Background:The search of life biomarkers preserved in the environment is key to life detection research in extra-planetary context but also highly relevant to reconstruct eco-system evolution over geological timescales on Earth. Frozen and anoxic conditions provide the best conditions for long-term preservation of life and biomolecules, and habitats such as deep ancient sediments from the Arctic are a real treasure trove of past life and its remnants. To tackle this scientific challenge requires an interdisciplinary approach, with synergies between paleogenetics, molecular biology and biophysics.

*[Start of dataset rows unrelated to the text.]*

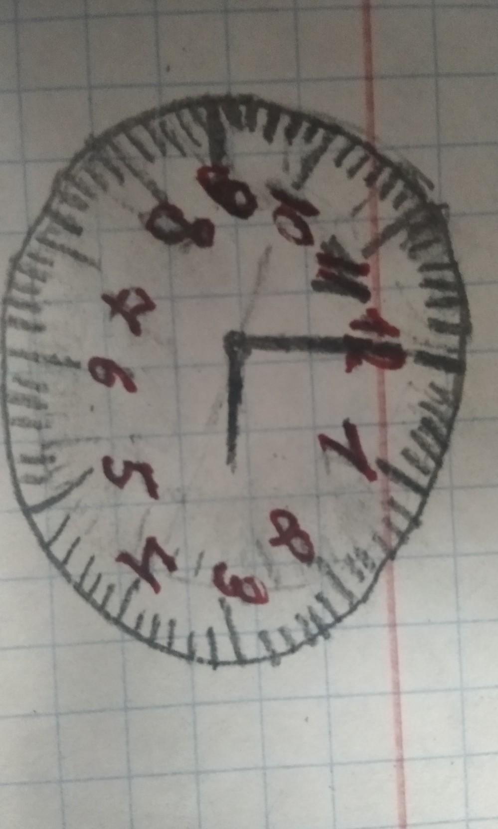 Постройте и измерьте угол, образованный стрелками часов, которые показывают: 1) 4ч; 2) 10 ч; 3) 7 ч; 4) 7ч 15 мин; 5) 2ч 30 мин; 6) 1 ч 45 мин.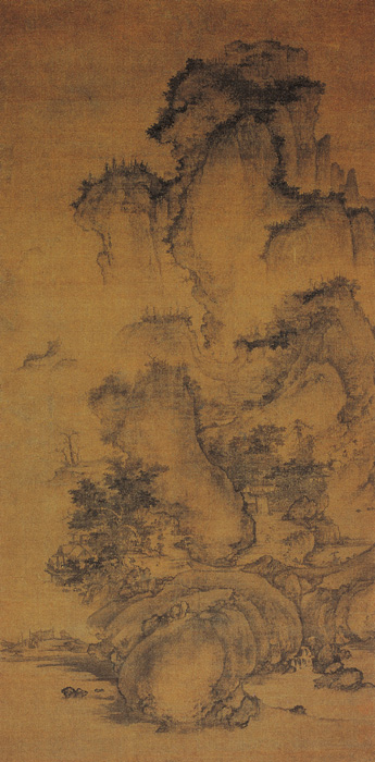 此图于夏季山野风景中穿插村落及隐居的生活。立幅正中是峥嵘巍峨的巨峰,山势奇险在烟蔼中浮现,其下为两山夹峙的峡谷,下部平坦处建有山庄及亭阁,山麓浅沙平岸有渔船停泊,山水中点缀乘轿的士大夫及朴野的渔夫山民,虽寥寥数笔,但人物神情动态跃然于绢素。此图虽无款识,但似卷云状的山石和壮健的笔墨正是郭熙的本色,画中山峦林木郁郁葱葱,展现的是“夏山苍翠而如滴”的风貌。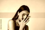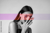 Young woman expressing emotions with hands covering her face in a stylized monochrome and colored setting
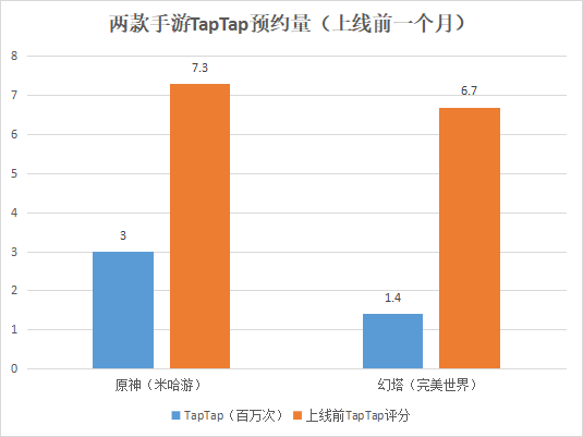从游戏预约/评分来看:《幻塔》与《原神》相差不大。游戏上线前一个月,《幻塔》在TapTap预约量为140.26万人次,而《原神》预约量约为300万人次 。游戏评分方面,《幻塔》上线前评分约为6.7分,与《原神》上线前的7.3分相差不大。

Project description: This Master project is part of ongoing research on biomarker detection for space exploration (Dr. Elsaesser, Freie Universität (FU)) and ancient DNA/microorganisms in cryo-environments (Dr. Perfumo, Alfred Wegener Institute (AWI)). Starting from a collection of DNA samples extracted from ancient frozen sediments (>700,000 years old), the main aim is to investigate its preservation over geological timescales by applying a variety of spectroscopy techniques (e.g. FTIR, Raman). DNA damage and/or repair will be also examined directly within cells of ancient microorganisms.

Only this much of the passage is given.